Exercise in Prostate Cancer

Prostate Cancer Clinical Trial

Official title:
EPC Trial: Exercise in Prostate Cancer

Clinical Trial Details — Status: Not yet recruiting

Administrative data
NCT number NCT06165302
Other study ID # J23147
Secondary ID IRB00410196
Status Not yet recruiting
Phase N/A
First received
Last updated
Start date July 2, 2024
Est. completion date July 2028

Study information
Verified date June 2024
Source Sidney Kimmel Comprehensive Cancer Center at Johns Hopkins
Contact Rana Sullivan, RN
Phone 410-614-6337
Email ProstateCancerClinicalTrials@live.johnshopkins.edu
Is FDA regulated No
Health authority
Study type Interventional

Clinical Trial Summary

The goal of this clinical trial is to learn how exercise intervention affects circulating tumor cells (CTC) in men with advanced prostate cancer. The primary objective is to determine if an exercise intervention decreases CTCs in men with advanced prostate cancer.
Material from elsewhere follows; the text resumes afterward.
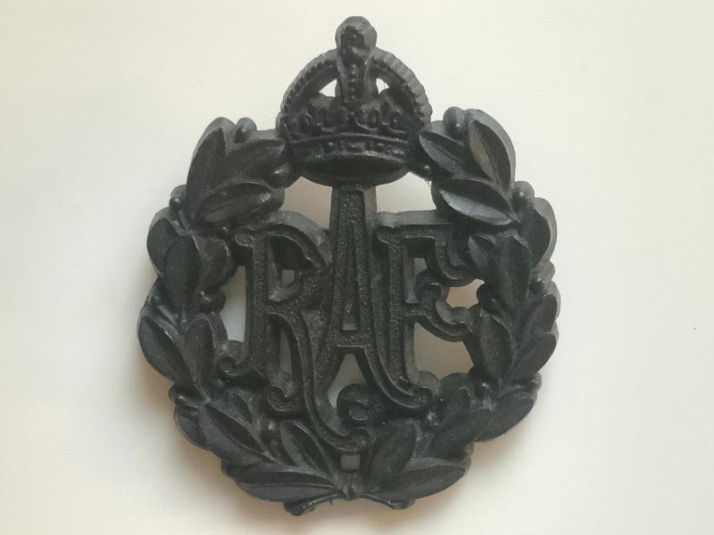 An RAF in near mint condition, Bakelite, or plastic economy cap badge for wartime use by the RAF. approx 1.75' by 1.5' with brass prong fittings. maker marked on reverse Stanley and sons Walsal.

Participants will have baseline screening assessments, followed by 12 weeks of exercise intervention, and then follow-up assessments 12 weeks after the end of the exercise intervention.

Description:

This is a pilot single arm prospective study of personalized exercise training in men with metastatic castration resistant prostate cancer who are being treated with or without oral anti-androgens. The primary objective is to determine if combination of resistance and aerobic exercises lowers CTCs in men with mCRPC. Researchers will assess the rate of conversion from CTC positive to CTC negative in participants at the end of the 12 week exercise intervention. The study will enroll 20 participants onto the trial with the goal of at least 10 participants having blood drawn at both baseline and 12 weeks and completed at least 75% of the prescribed exercise sessions. Participants will undergo follow-up assessments at the end of the 12 week exercise intervention and the study team will monitor participant records for 365 days after the study completion for vital status.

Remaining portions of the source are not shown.